▸ **What you have to do**
Given the records below, the lines starting at the line with "One Fun Thing: Attend" and ending at the line with "的中馬番 | 3-7-2-13-12 |" should be output exactly, both end lines kept and pictures left out.

▸ **Information given**

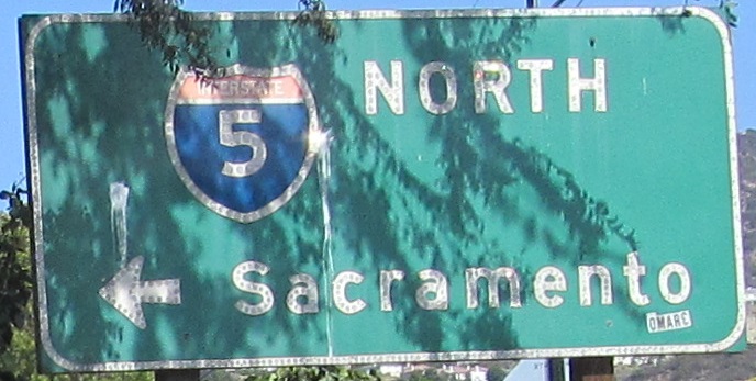 The onramp from 5th St. and W St. in Sacramento splits to Bus. I-80 WB (left side of gantry) and I-5 SB (right side) in the midst of a larger interchange.
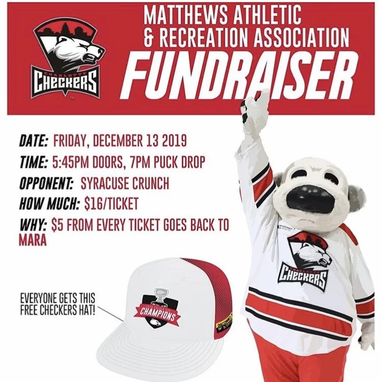 One Fun Thing: Attend the Checkers game this Friday and $5 from your ticket purchase for seats in Section 106 will go back to Matthews Athletic Recreation Association (MARA). Purchase tickets online.
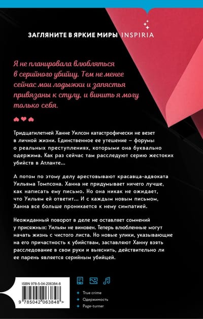 Я не планировала влюбляться в серийного убийцу. Тем не менее сейчас мои лодыжки и запястья привязаны к стулу, и винить я могу только себя.
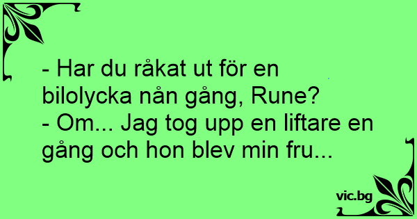 - Имал ли си някога автомобилна катастрофа, Киро? - Ами... да. Веднъж взех стопаджийка и после се ожених за нея...
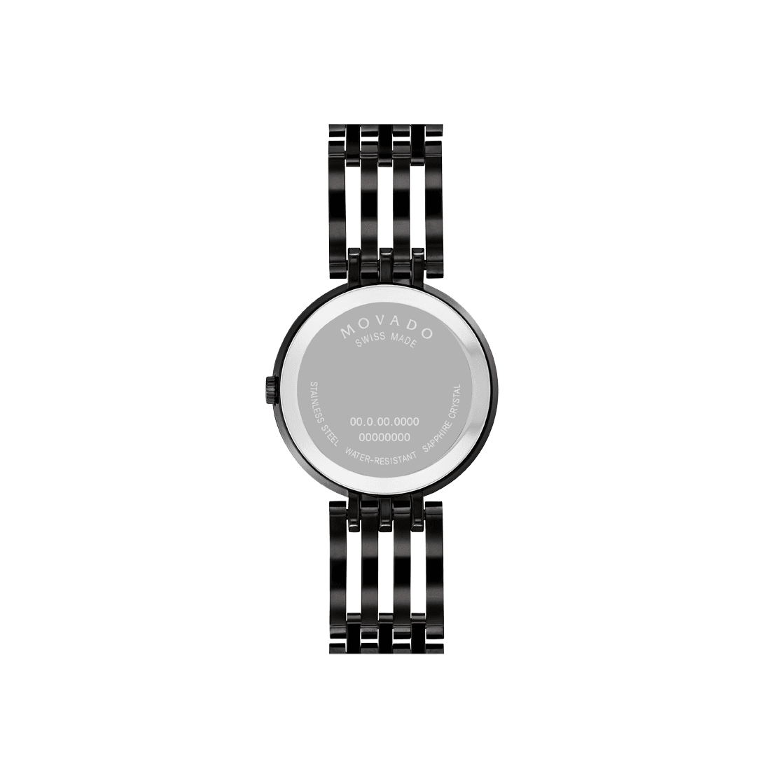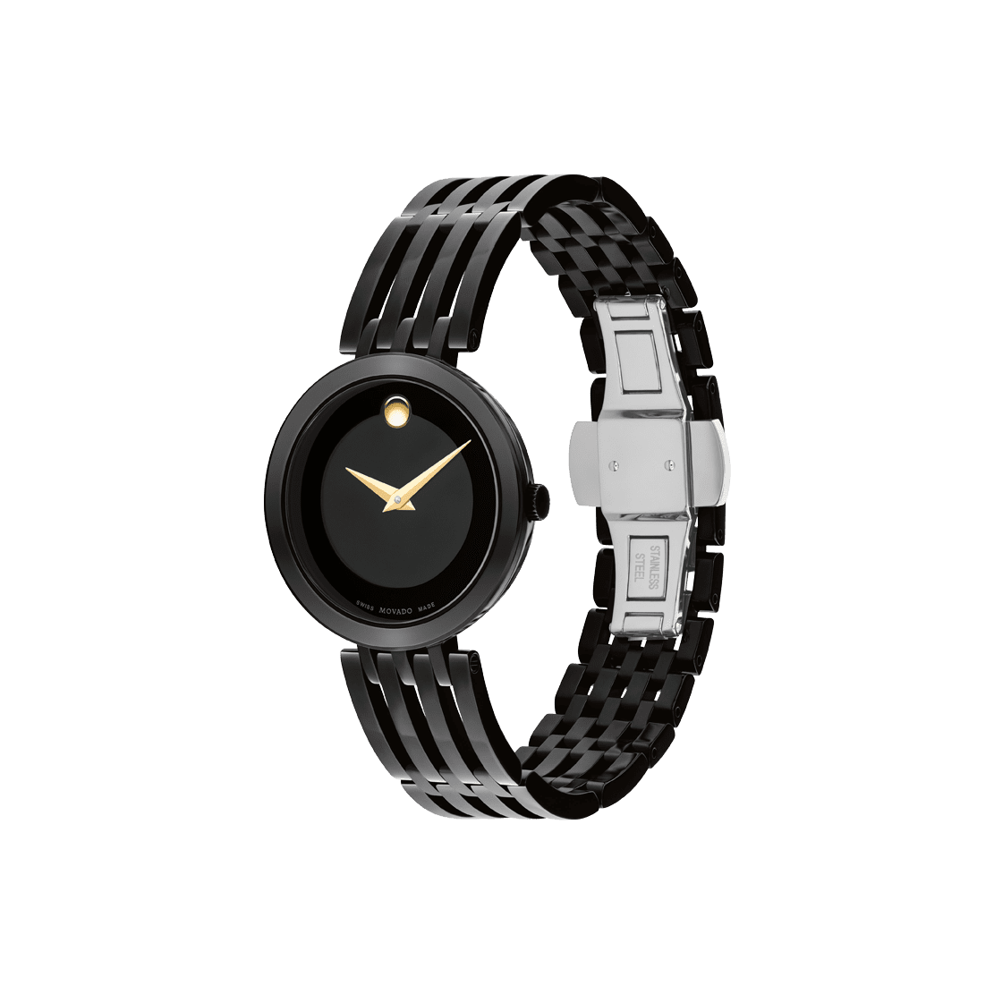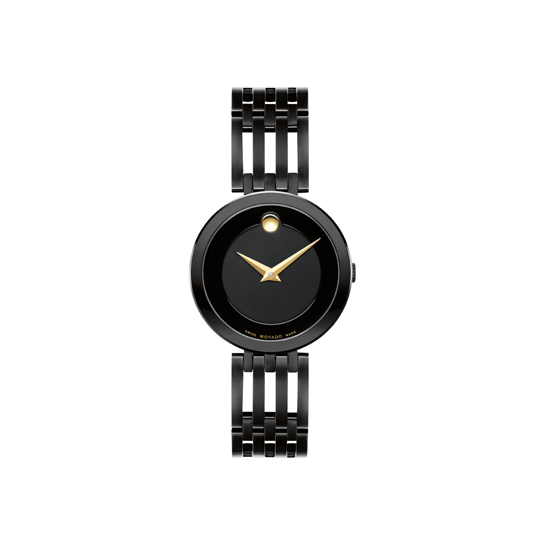Modern, geometric lines and wrist-conforming free-falling links define this iconic design. Its signature bracelet and petite 28mm case are crafted from chic monochromatic black PVD. A lacquer-finished outer ring frames the matching black dial, equipped with gleaming yellow gold-toned hands and our iconic dot.
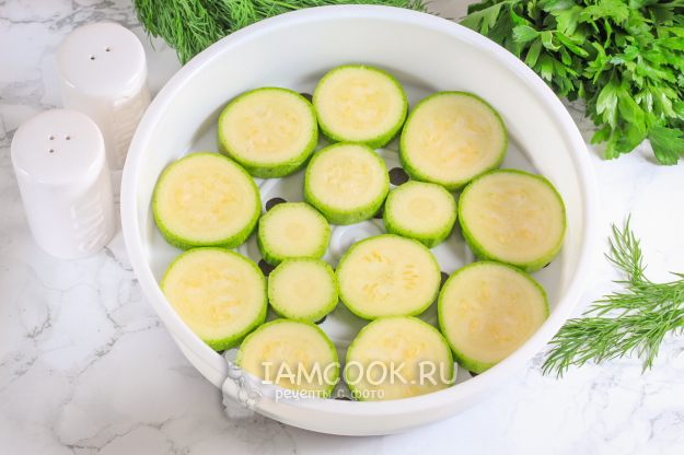 Отварите кабачки на пару примерно 10-15 минут, до мягкости.
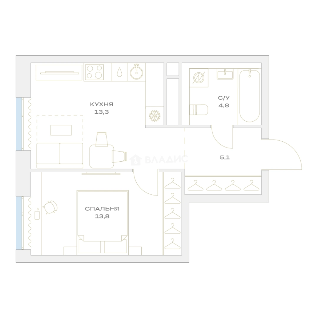 2-комн. квартира, 40,3 м², 21/17 эт.
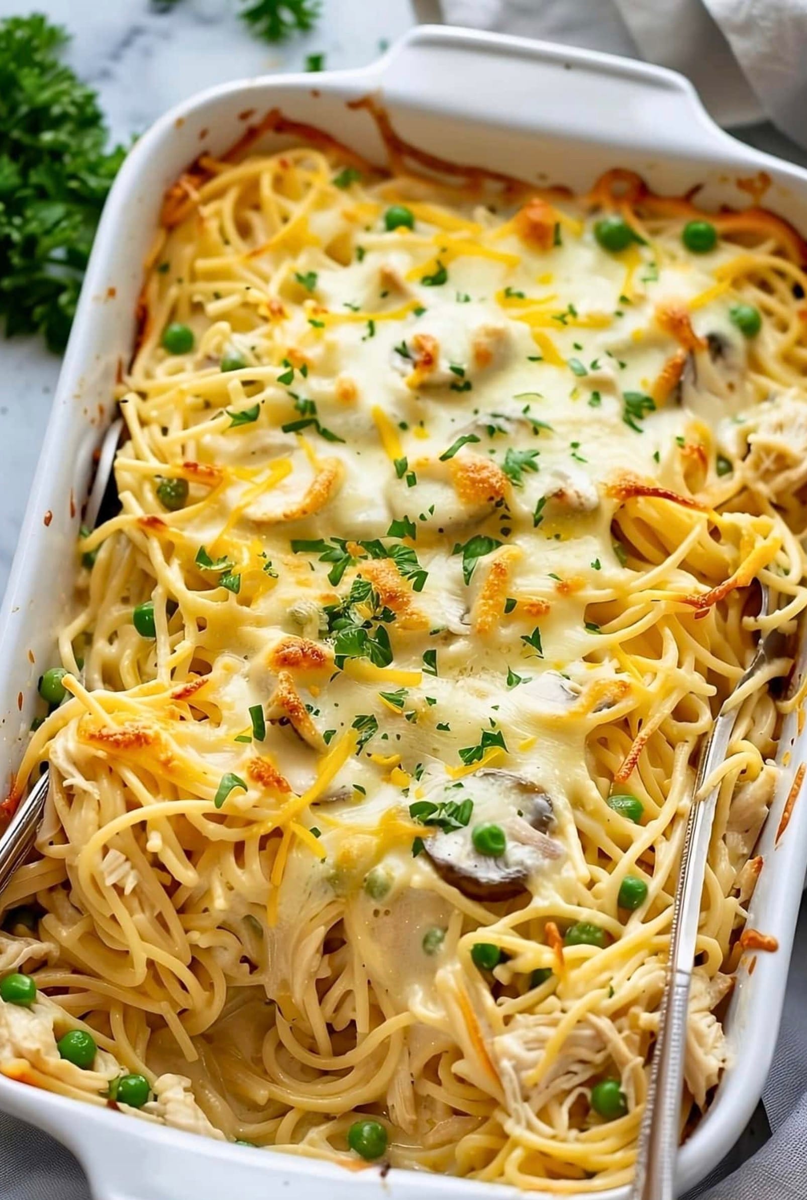 Let the dish cool for 5-10 minutes before serving. Garnish with fresh parsley and enjoy your comforting meal!
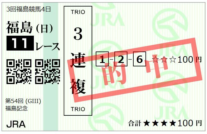| 的中馬番 | 3-7-2-13-12 |
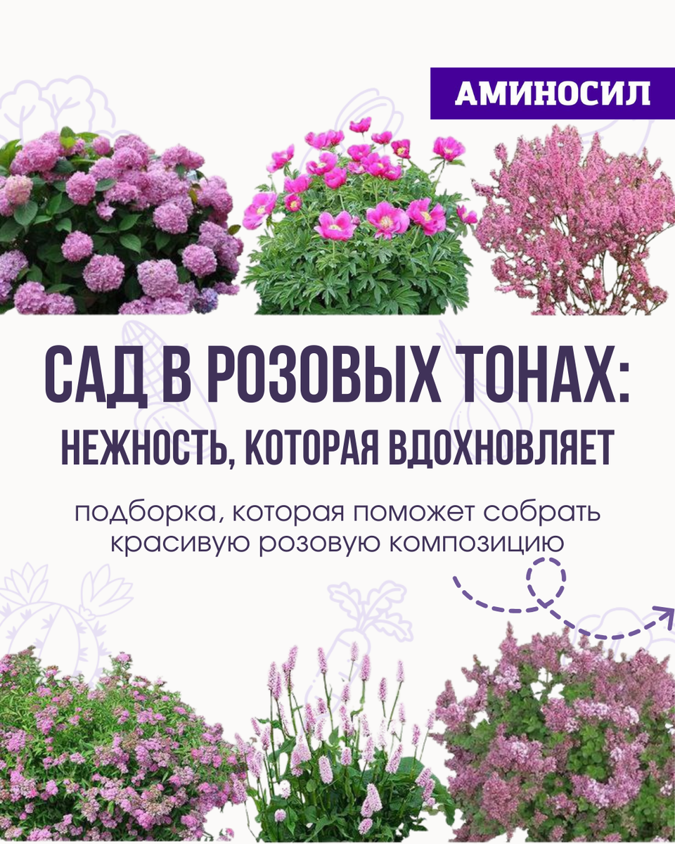 Если вы давно мечтали оформить сад в единой цветовой гамме, розовая палитра — нежное и универсальное решение 🌸 Она создаёт атмосферу уюта, романтики и гармонии, а главное — растения в этих оттенках прекрасно сочетаются и дополняют друг друга по форме, фактуре и срокам цветения. Вот подборка, которая поможет собрать красивую розовую композицию: 🌺 Гортензия крупнолистная (Hydrangea macrophylla) Идеальна для акцентных посадок. Крупные шаровидные соцветия создают объём и становятся центром клумбы. Хорошо смотрится как солитер или в компании с более «воздушными» кустарниками. 🌸 Пион лекарственный (Paeonia officinalis) Роскошное весенне-летнее цветение и насыщенный розовый оттенок. Пионы добавляют саду благородства и прекрасно сочетаются с гортензиями и спиреями. 🌿 Миндаль степной (Prunus tenella) Раннее цветение — настоящий розовый фейерверк весной. Подходит для создания живописных групп и бордюров. 🌷 Спирея японская ‘Little Princess’ (Spiraea japonica ‘Little Princess’) Компактный кус
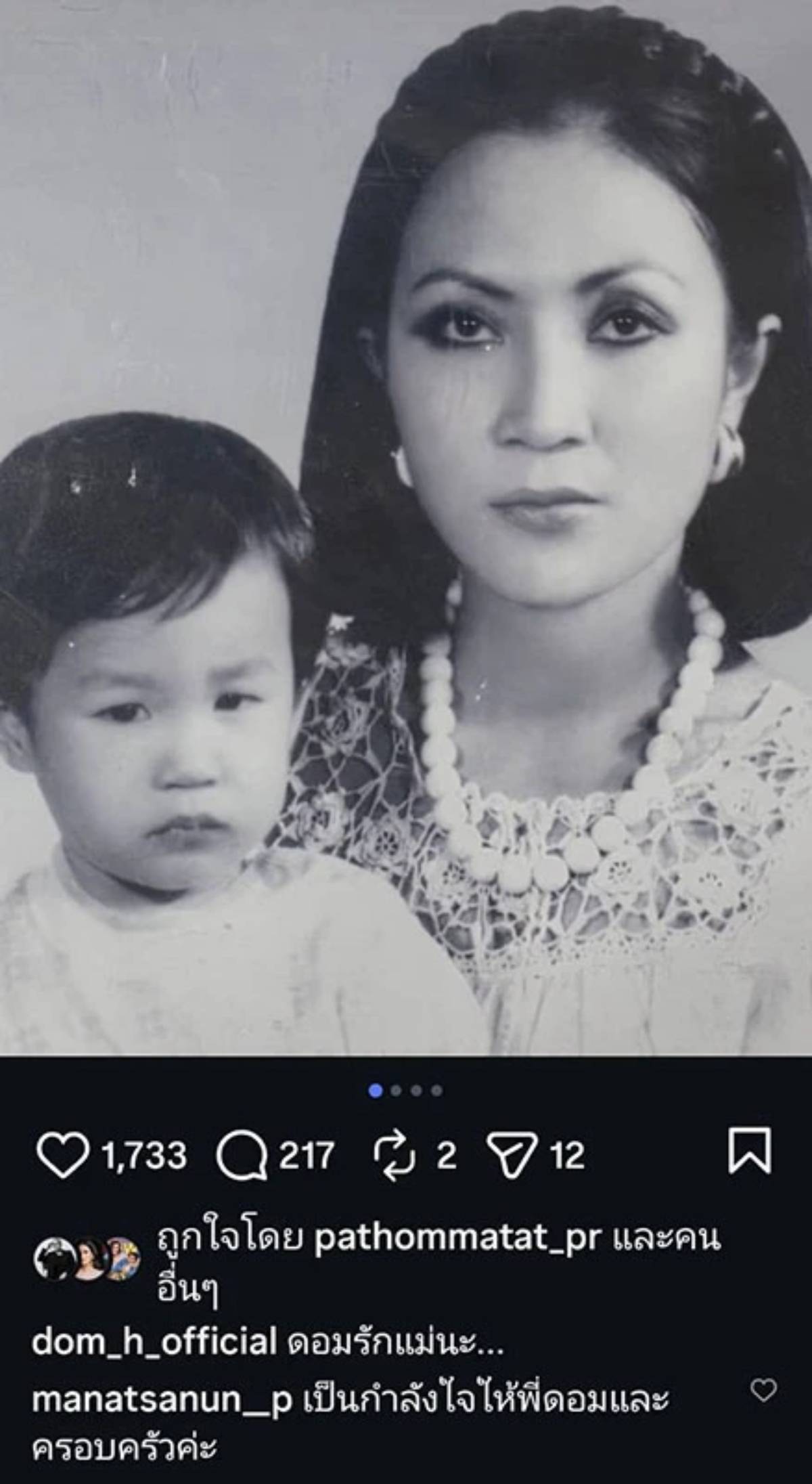 คนบันเทิงพากันโศกเศร้า หลัง “ดอม เหตระกูล” ดาราชายชื่อดังสูญเสีย แม่แป๊บ ปรียาพร เหตระกูล แห่งอาณาจักรเดลินิวส์ จากกันนิรันดร์พร้อมทิ้งแคปชั่นสุดอาลัย

▸ **Response for this exercise**
 One Fun Thing: Attend the Checkers game this Friday and $5 from your ticket purchase for seats in Section 106 will go back to Matthews Athletic Recreation Association (MARA). Purchase tickets online.
 Я не планировала влюбляться в серийного убийцу. Тем не менее сейчас мои лодыжки и запястья привязаны к стулу, и винить я могу только себя.
 - Имал ли си някога автомобилна катастрофа, Киро? - Ами... да. Веднъж взех стопаджийка и после се ожених за нея...
Modern, geometric lines and wrist-conforming free-falling links define this iconic design. Its signature bracelet and petite 28mm case are crafted from chic monochromatic black PVD. A lacquer-finished outer ring frames the matching black dial, equipped with gleaming yellow gold-toned hands and our iconic dot.
 Отварите кабачки на пару примерно 10-15 минут, до мягкости.
 2-комн. квартира, 40,3 м², 21/17 эт.
 Let the dish cool for 5-10 minutes before serving. Garnish with fresh parsley and enjoy your comforting meal!
| 的中馬番 | 3-7-2-13-12 |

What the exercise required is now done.